Intermediate R Workshop

Introduction
Script Files
Vectors
dplyr functions
The Pipe Operator
Plotting with ggplot2
Modelling

Introduction

Thank you for attending the intermediate R wokshops! This is where I am putting all of the code that we went over. I tried to add comments to explain everything, but feel free to email me if you want more information.

THis page only shows the code. You can copy and paste into R to see the output. As a warning, you’ll probably get a lot of “object not found” errors because you haven’t created an object yet.

Script Files

Most work in R is done in script files. This is a way to save your code, but it doesn’t save your output. Make sure your script file works on it’s own; you should be able to open it, run it line by line, and get the same output everytime.

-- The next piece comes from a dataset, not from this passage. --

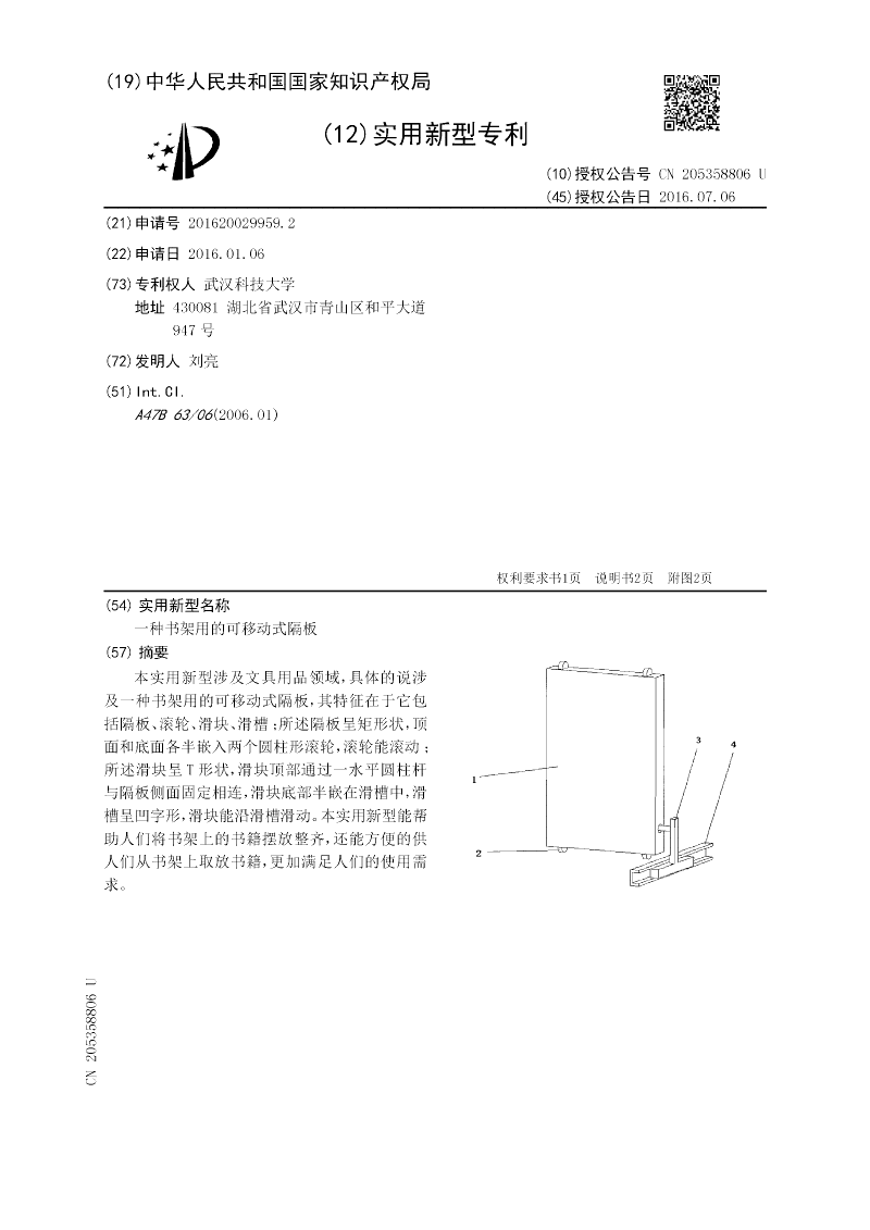 本实用新型涉及文具用品领域,具体的说涉及一种书架用的可移动式隔板,其特征在于它包括隔板、滚轮、滑块、滑槽;所述隔板呈矩形状,顶面和底面各半嵌入两个圆柱形滚轮,滚轮能滚动;所述滑块呈T形状,滑块顶部通过一水平圆柱杆与隔板侧面固定相连,滑块底部半嵌在滑槽中,滑槽呈凹字形,滑块能沿滑槽滑动。本实用新型能帮助人们将书架上的书籍摆放整齐,还能方便的供人们从书架上取放书籍,更加满足人们的使用需求。

It should also be well commented in case you forgot why you wrote certain code, and you don’t need to save every line of code that you wrote (e.g. you don’t need to save ?mean).

Vectors

# Vector Operations

# Create a dummy vector with c()
x <- c(1,2,4,2,3,2,1)
x*2
x^2

y <- 2*x - 3
y
y ^ 4
y * x

# Logical values
TRUE
FALSE
TRUE == FALSE
FALSE == FALSE
FALSE < TRUE
FALSE == 0
TRUE == 1
FALSE * TRUE
TRUE ^ FALSE
FALSE ^ TRUE
FALSE ^ FALSE

# Logical vectors
x
x > 2
x >= 2
x == 2
x > y

# Subsetting
# Square brackets are for subsets
x[1] # first element of x
x[3]

x[x > 2] # logical subset
x[x >= 2]
y[x >= 2]

# Functions ----
mean(x)
mean(y)
mean(2*x - 3)
#?mean
# mean has arguments: x, trim, and na.rm
# just x, but trim = 0 and na.rm = FALSE
#   These are called defaults

# NA is a special value
NA
NA ^ FALSE
z <- c(1,2,4,12,NA)
z
mean(z, na.rm = TRUE)
# explicit arguements
mean(x = z, trim = 0, na.rm = TRUE)
# implied arguements
mean(z, 0, TRUE)

# aside: dealing with NA
is.na(z)
!is.na(z)
z[!is.na(z)]
z[c(1,2,3,4)]

z[is.na(z)] <- 0
z

# Data Frames ---- 
data(mtcars) # built-in dataset
#?mtcars

# Looking at a dataframe
names(mtcars) # column names
head(mtcars) # first 6 observations
str(mtcars) # structure (works for anything)

# Getting columns
mtcars$mpg # outputs a vector, not a data frame

# Dataframe subsets
mtcars$am
mtcars$mpg[mtcars$am == 1]
mtcars$mpg[mtcars$am == 0]

# before comma: rows, after: columns
mtcars[mtcars$am == 0, ]

dplyr functions

The dplyr package is one of the most useful things to happen to R in a long time. This is hands down the best way to deal with dataframes (which is how most data is imported into R).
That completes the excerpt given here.